**Task objective**.
Exactly as written, transcribe the data from its opening line through the line containing "Enjoy Graphic Sheet". Leave every picture out.

----- Dataset content -----

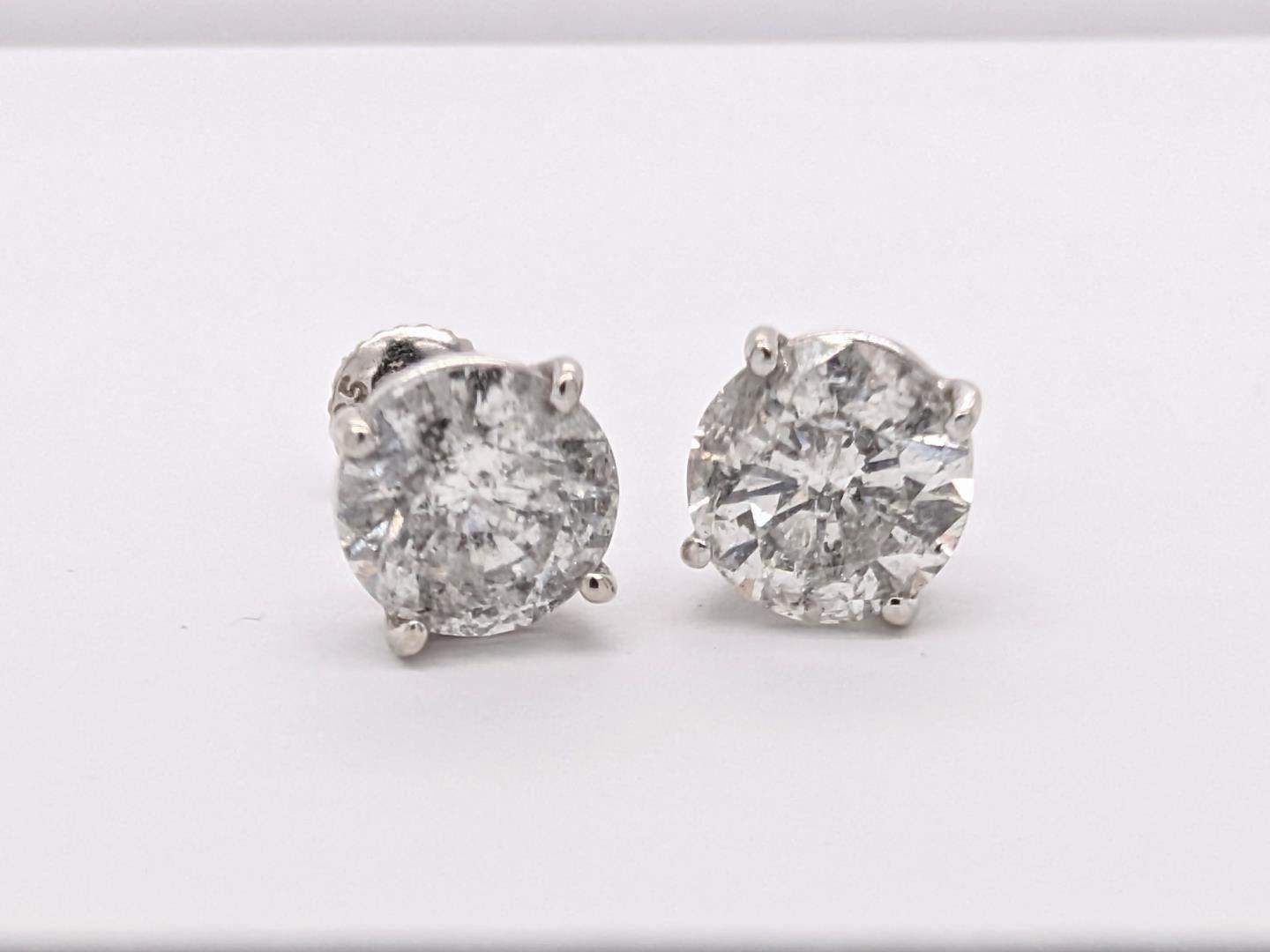 This pair of platinum stud earrings features two round brilliant cut diamonds with a total weight of 4.01ct, set in bright-polish basket settings with threaded posts. One diamond weighs approximately 2.00ct and the other 2.01ct, both graded I-2 clarity, H-I color, and Good cut. The earrings are marked "PT 950" and display like-new condition with good workmanship. Total earring weight is 2.50 grams, and the diamonds are graded in the setting.
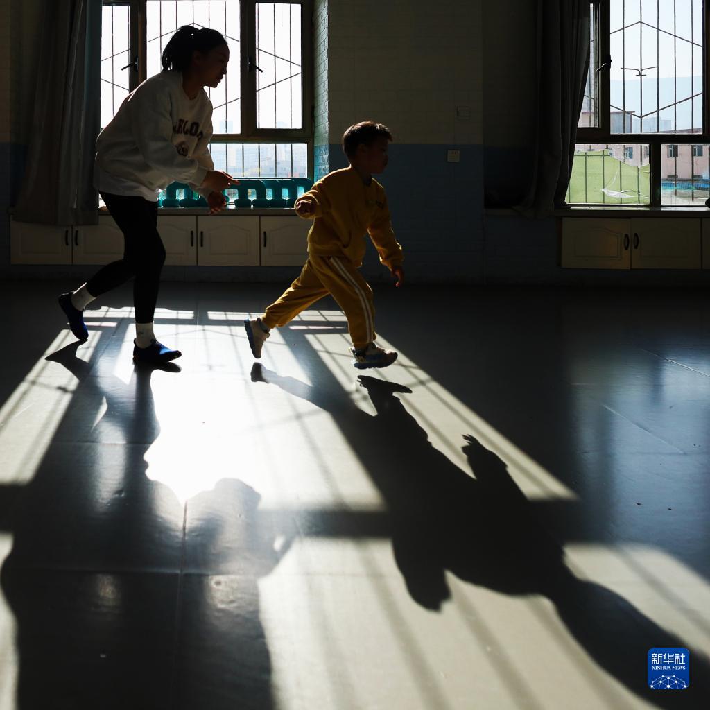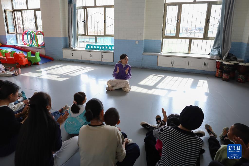 3月31日,在兰州欣雨星儿童心理发展中心,家长与孩子一起上康复训练课。新华社记者马希平摄
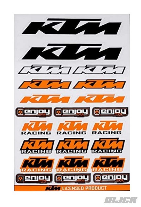 Enjoy Graphic Sheet Plakvel met diverse KTM Stickers.WhiteNew Enjoy Mfg KTM Racing OEM Sticker sheet.Very High Quality! Great for Bikes,Trucks,Tool Boxes Etc.- 23 Die Cut Stickers - 8 Mil scratch resistant adhesive backed vinyl- Clear coated to prevent fading - Full sheet measures 41x28 cmSKU: KTMSTICKERWHT
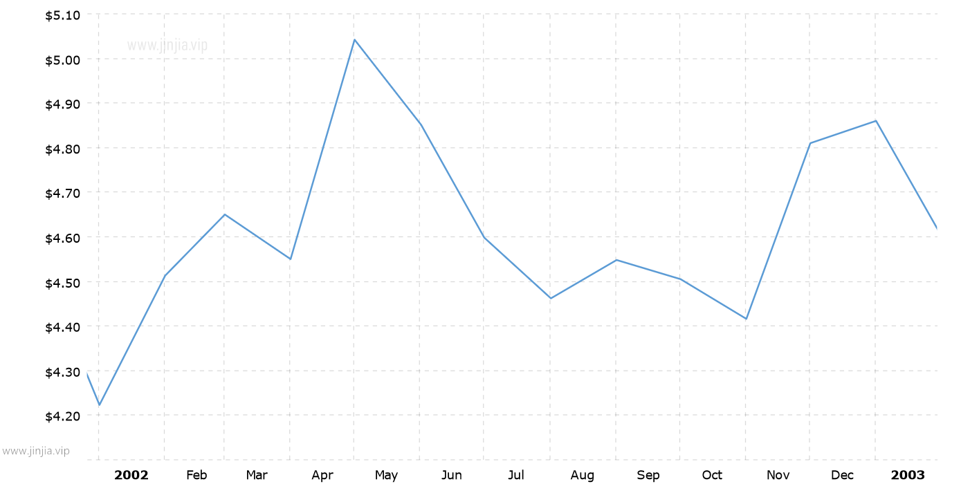 2002年銀價 2002年白銀價格走勢圖 報價單位:美元/盎司 白銀歷年價格查詢 請選取年份 2026年 2025年 2024年 2023年 2022年 2021年 2020年 2019年 2018年 2017年 2016年 2015年 2014年 2013年 2012年 2011年 2010年 2009年 2008年 2007年 2006年 2005年 2004年 2003年 2002年 2001年 2000年 1999年 1998年 1997年 1996年 1995年 1994年 1993年 1992年 1991年 1990年 1989年 1988年 1987年 1986年 1985年 1984年 1983年 1982年 1981年 1980年 1979年 1978年 1977年 1976年 1975年 1974年 1973年 1972年 1971年 1970年 1969年 1968年 1967年 1966年 1965年 1964年 1963年 1962年 1961年 1960年 1959年 1958年 1957年 1956年 1955年 1954年 1953年 1952年 1951年 1950年 1949年 1948年 1947年 1946年 1945年 1944年 1943年 1942年 1941年 1940年 1939年 1938年 1937年 1936年 1935年 1934年 1933年 1932年 1931年 1930年 1929年 1928年 1927年 1926年 1925年 1924年 1923年 1922年 1921年 1920年 1919年 1918年 1917年 1916年 1915年 國際白銀歷史價格走勢圖 半年 1年 10年 20年 30年 50年 2002年銀價查詢說明 2002年(民國91年)銀價走勢圖的數據來自英國倫敦黃金交易市場(Gold Market,International Gold Market)白銀的歷史價格,以美元每盎司計價,本站查詢對使用該2002白銀價格歷史圖和數據表導致的結果概不承擔任何責任。2002年金價 民國91年銀價相關數據參考 倫敦金 紐約金 上海金 歷年金價 歷年銀價 歷年鉑價 歷年鈀價 換算 銀價 鉑價 鈀價

-----

**Answer section**.
 This pair of platinum stud earrings features two round brilliant cut diamonds with a total weight of 4.01ct, set in bright-polish basket settings with threaded posts. One diamond weighs approximately 2.00ct and the other 2.01ct, both graded I-2 clarity, H-I color, and Good cut. The earrings are marked "PT 950" and display like-new condition with good workmanship. Total earring weight is 2.50 grams, and the diamonds are graded in the setting.
 3月31日,在兰州欣雨星儿童心理发展中心,家长与孩子一起上康复训练课。新华社记者马希平摄
 Enjoy Graphic Sheet Plakvel met diverse KTM Stickers.WhiteNew Enjoy Mfg KTM Racing OEM Sticker sheet.Very High Quality! Great for Bikes,Trucks,Tool Boxes Etc.- 23 Die Cut Stickers - 8 Mil scratch resistant adhesive backed vinyl- Clear coated to prevent fading - Full sheet measures 41x28 cmSKU: KTMSTICKERWHT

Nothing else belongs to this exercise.